Our results clearly demonstrate the importance of tailoring the surface properties of magnetic NPs to enhance their MR imaging capabilities for in vitro and in vivo applications. Taking into account the negligible effect of MLs on the T₂ of the normal cells and a massive signal decrease in the cancerous cells, not only did MLs prove to be highly efficient, but the selectivity between the normal (non-cancerous) and cancerous cells was clearly demonstrated.

5. Conclusions

To the best of our knowledge, this article represents the first systematic study of the influence of different phospholipids on the r₂ values of MLs containing magnetic NPs in the bilayer. Our results showed that r₂ values were highly influenced by the lipid bilayer composition, which was contributed to the differences in the fluidity and the diffusion dynamics of the water molecules in the secondary sphere of IO NPs. Overall, all the prepared liposomal formulations exhibited higher r₂ values than the hydrophilic HCA-IO NPs.
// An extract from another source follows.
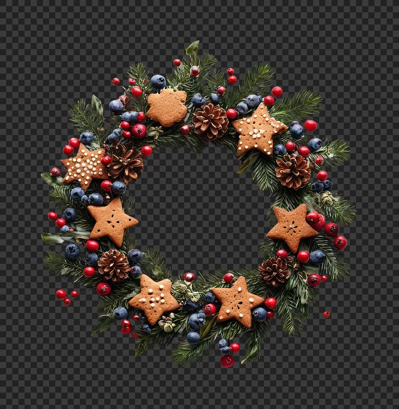 PNG Festive wreath with gingerbread stars https://www.rawpixel.com/image/22937285/png-festive-wreath-with-gingerbread-starsView license

Due to the high bilayer fluidity of DOPC-based formulations, their MRI performance was superior to other liposomal formulations. Our in vitro experiments showed that our DOPC/Chol MLs were proven to be non-toxic for normal (NPU) and cancerous (T24) cells after incubation for 24 h. Moreover, the in vitro MRI measurements revealed that MLs could serve as an excellent contrast agent, enabling an easier distinction between the healthy and the cancerous tissues, proving that the studied magneto-liposomes have a high potential to be used as an MRI contrast agent even at very low concentration. Furthermore, MLs could encapsulate a wide range of therapeutics and diagnostics in their aqueous core, offering a great platform for the preparation of multifunctional nanoparticles for theranostics and image-guided drug delivery.